- _Task brief_: Retype exactly what runs from the first line of the data to the line with "This pretty blouse", keeping both of those lines and skipping pictures.
(Recorded information)
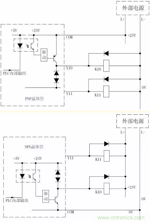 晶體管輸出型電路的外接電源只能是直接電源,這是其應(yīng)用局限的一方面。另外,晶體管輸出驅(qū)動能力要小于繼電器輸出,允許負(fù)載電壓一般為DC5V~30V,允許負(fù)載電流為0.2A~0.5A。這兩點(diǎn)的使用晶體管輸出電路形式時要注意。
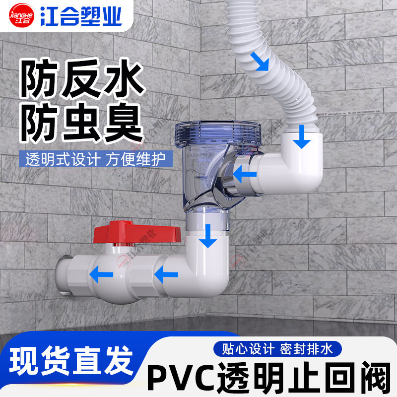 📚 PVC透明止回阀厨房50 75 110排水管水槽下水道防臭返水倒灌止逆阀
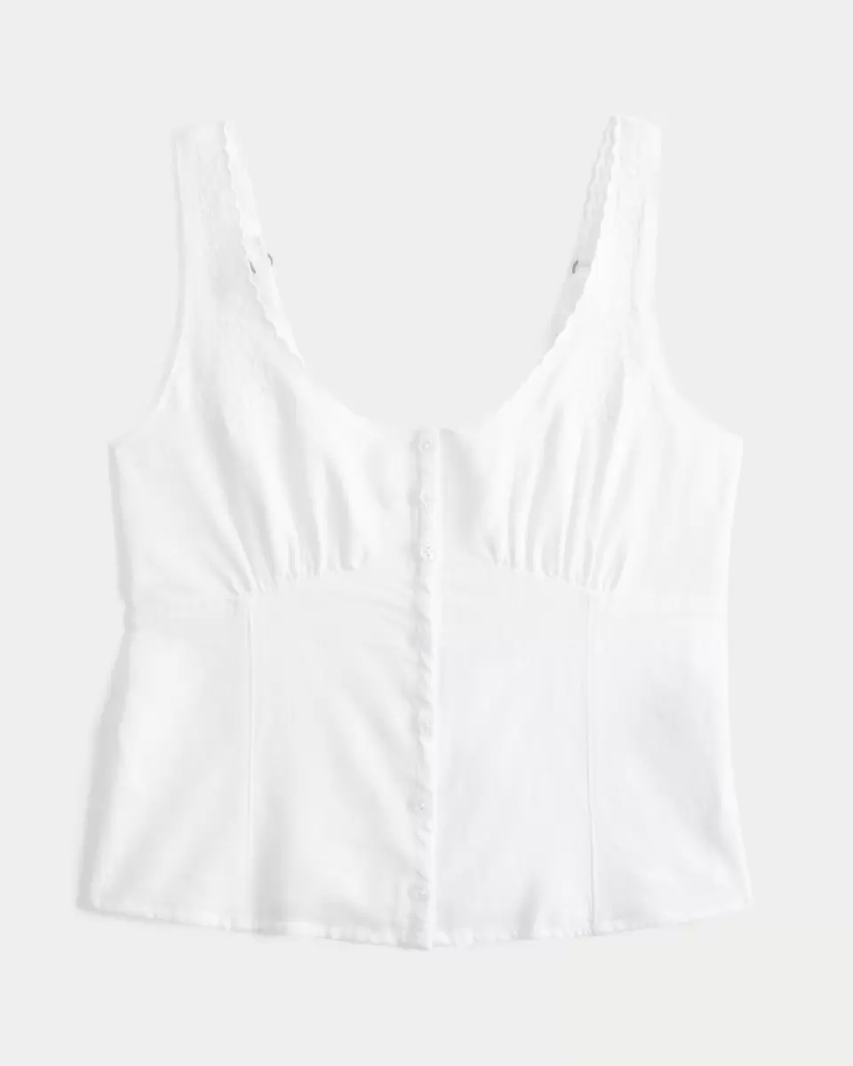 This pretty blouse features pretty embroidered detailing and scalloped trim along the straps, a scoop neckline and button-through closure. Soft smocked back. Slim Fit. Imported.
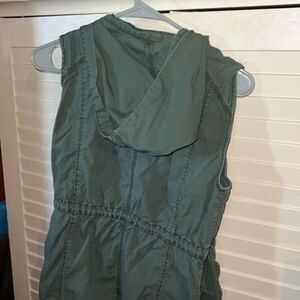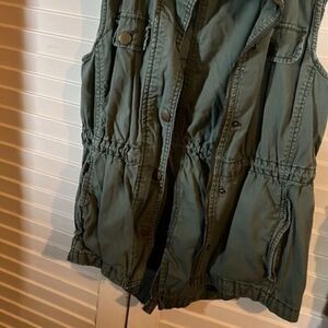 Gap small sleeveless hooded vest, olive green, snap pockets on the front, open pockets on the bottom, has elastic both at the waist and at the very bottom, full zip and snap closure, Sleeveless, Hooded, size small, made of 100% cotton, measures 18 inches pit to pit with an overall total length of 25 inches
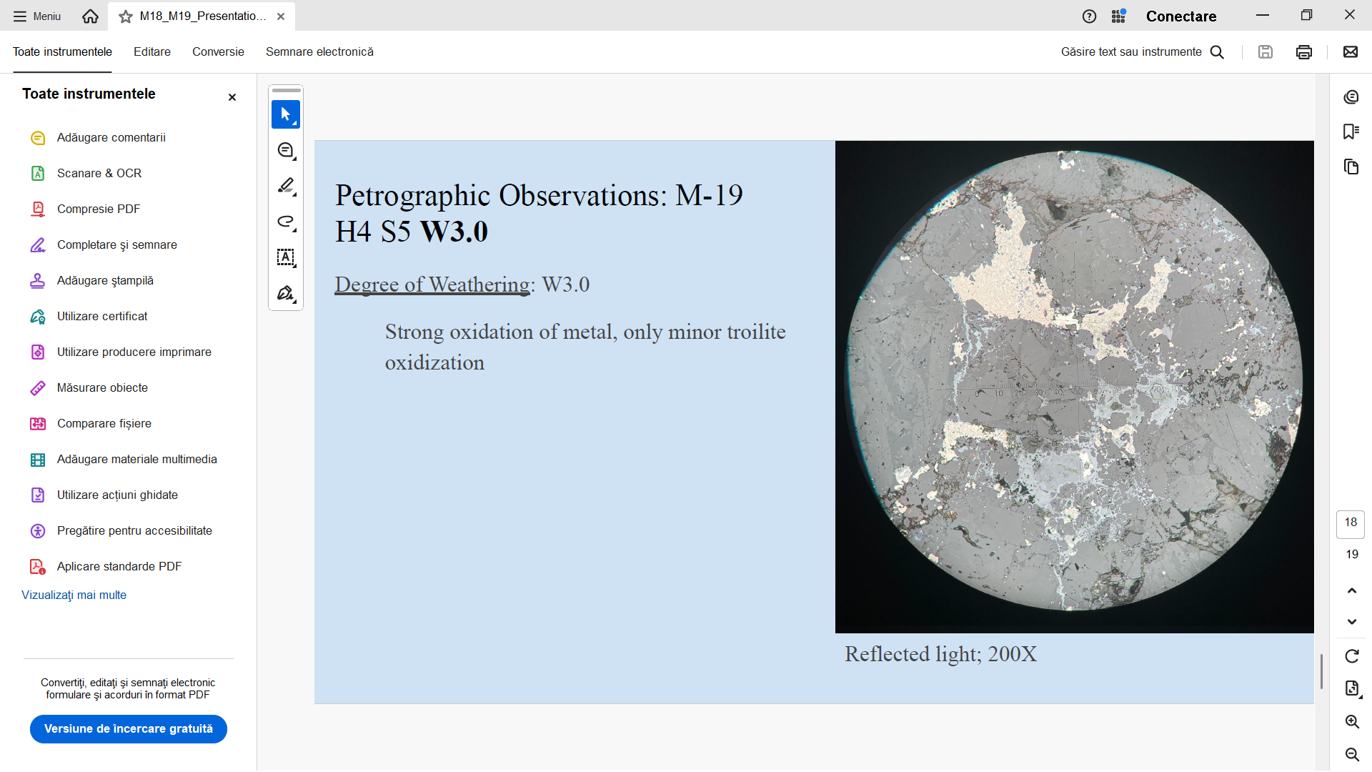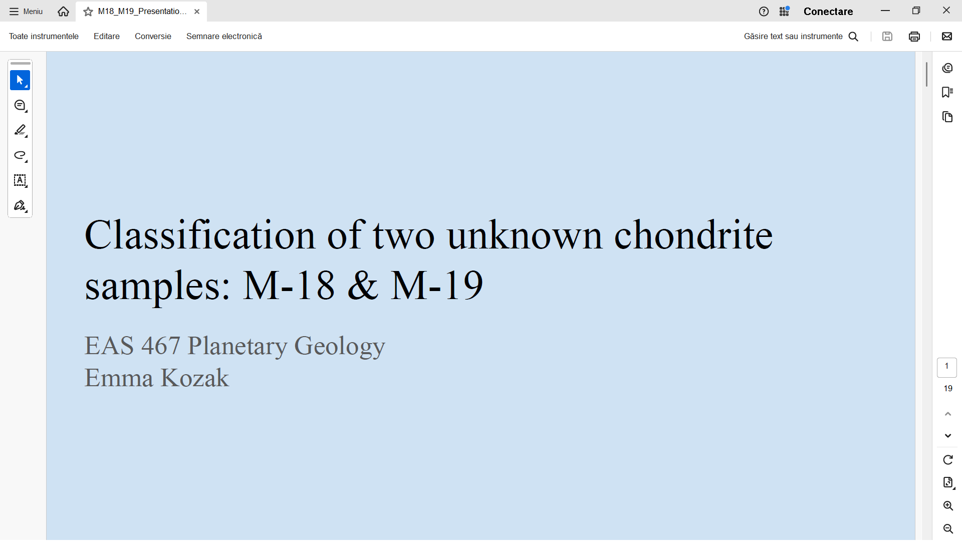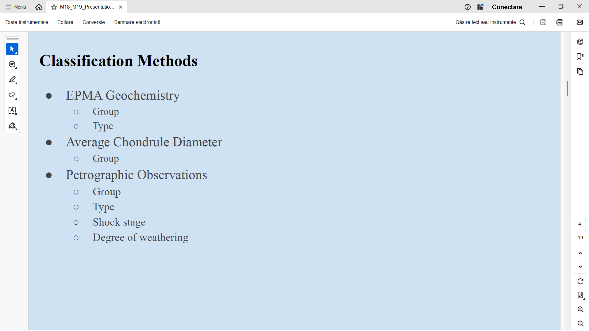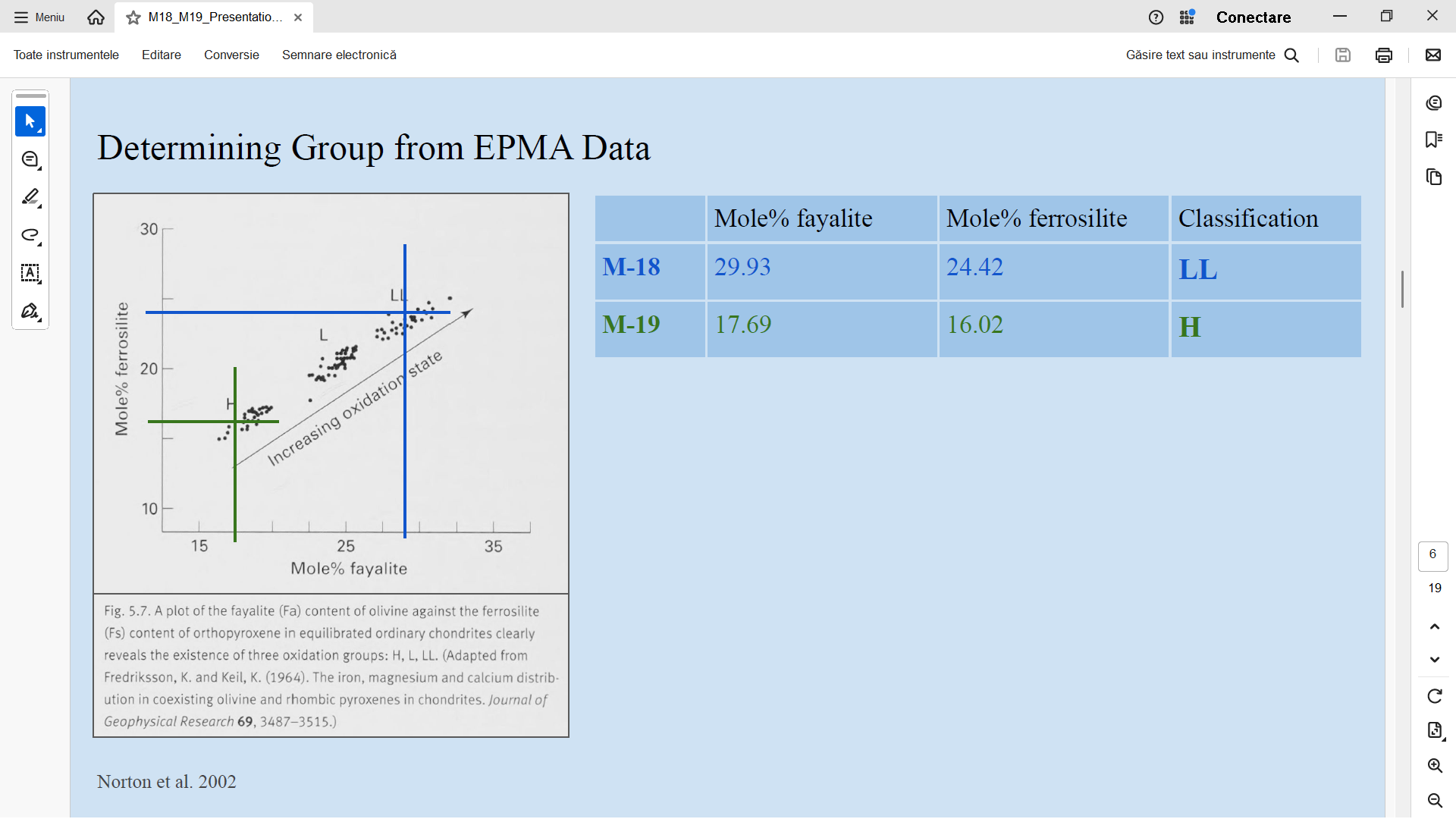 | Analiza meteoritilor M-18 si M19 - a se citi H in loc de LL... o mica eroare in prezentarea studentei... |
(End Recorded information)
- _Worked solution_:
 晶體管輸出型電路的外接電源只能是直接電源,這是其應(yīng)用局限的一方面。另外,晶體管輸出驅(qū)動能力要小于繼電器輸出,允許負(fù)載電壓一般為DC5V~30V,允許負(fù)載電流為0.2A~0.5A。這兩點(diǎn)的使用晶體管輸出電路形式時要注意。
 📚 PVC透明止回阀厨房50 75 110排水管水槽下水道防臭返水倒灌止逆阀
 This pretty blouse features pretty embroidered detailing and scalloped trim along the straps, a scoop neckline and button-through closure. Soft smocked back. Slim Fit. Imported.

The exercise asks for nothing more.